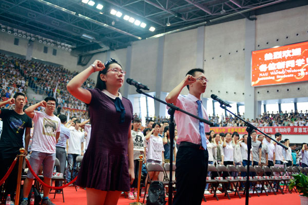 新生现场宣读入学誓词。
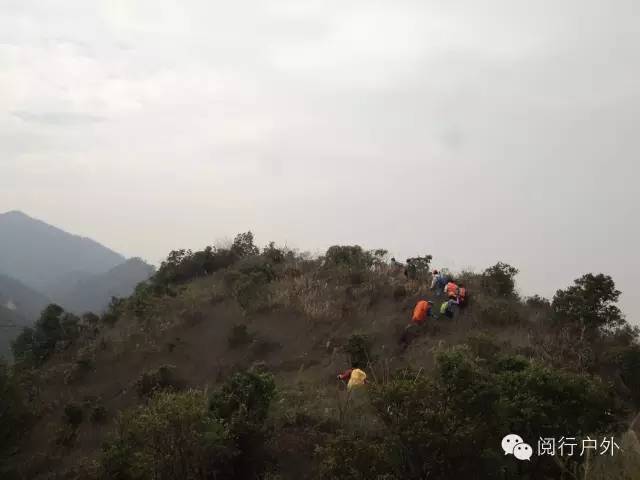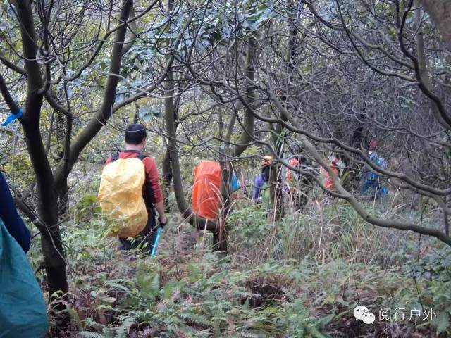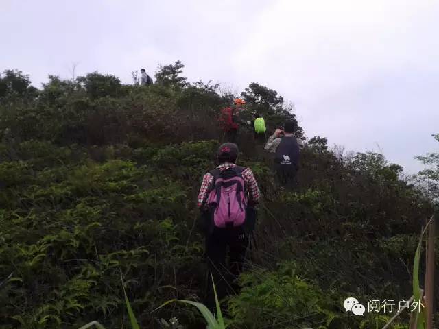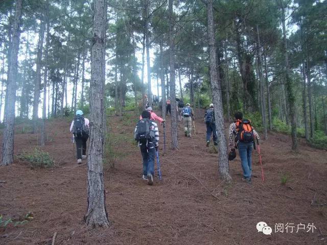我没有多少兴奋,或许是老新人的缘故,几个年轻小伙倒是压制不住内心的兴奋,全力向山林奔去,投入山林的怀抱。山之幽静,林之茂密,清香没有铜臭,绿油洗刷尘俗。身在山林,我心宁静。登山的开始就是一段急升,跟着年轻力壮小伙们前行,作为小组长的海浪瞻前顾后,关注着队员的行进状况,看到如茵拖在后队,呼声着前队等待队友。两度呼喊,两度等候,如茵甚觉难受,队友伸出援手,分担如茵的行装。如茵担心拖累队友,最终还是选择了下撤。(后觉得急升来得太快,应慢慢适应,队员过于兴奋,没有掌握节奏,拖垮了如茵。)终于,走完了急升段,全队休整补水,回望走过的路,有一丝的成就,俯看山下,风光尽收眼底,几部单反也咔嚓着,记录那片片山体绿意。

--*--

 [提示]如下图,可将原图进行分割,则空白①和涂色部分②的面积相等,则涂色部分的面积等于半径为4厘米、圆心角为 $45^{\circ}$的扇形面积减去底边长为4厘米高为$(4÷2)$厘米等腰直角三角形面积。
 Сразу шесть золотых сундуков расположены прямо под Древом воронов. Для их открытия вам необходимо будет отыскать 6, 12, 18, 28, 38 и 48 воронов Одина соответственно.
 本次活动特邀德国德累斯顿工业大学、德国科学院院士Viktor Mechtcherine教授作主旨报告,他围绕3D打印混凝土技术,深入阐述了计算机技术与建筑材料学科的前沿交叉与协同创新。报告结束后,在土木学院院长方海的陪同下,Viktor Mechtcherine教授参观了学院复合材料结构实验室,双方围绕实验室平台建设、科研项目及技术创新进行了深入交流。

--*--

■ **Task goal**
Copy the listing above exactly, but only from the line with "新生现场宣读入学誓词。" through the line with "我没有多少兴奋,或许是老新人", including those two lines and excluding any picture.

■ **Exercise solution**
 新生现场宣读入学誓词。
我没有多少兴奋,或许是老新人的缘故,几个年轻小伙倒是压制不住内心的兴奋,全力向山林奔去,投入山林的怀抱。山之幽静,林之茂密,清香没有铜臭,绿油洗刷尘俗。身在山林,我心宁静。登山的开始就是一段急升,跟着年轻力壮小伙们前行,作为小组长的海浪瞻前顾后,关注着队员的行进状况,看到如茵拖在后队,呼声着前队等待队友。两度呼喊,两度等候,如茵甚觉难受,队友伸出援手,分担如茵的行装。如茵担心拖累队友,最终还是选择了下撤。(后觉得急升来得太快,应慢慢适应,队员过于兴奋,没有掌握节奏,拖垮了如茵。)终于,走完了急升段,全队休整补水,回望走过的路,有一丝的成就,俯看山下,风光尽收眼底,几部单反也咔嚓着,记录那片片山体绿意。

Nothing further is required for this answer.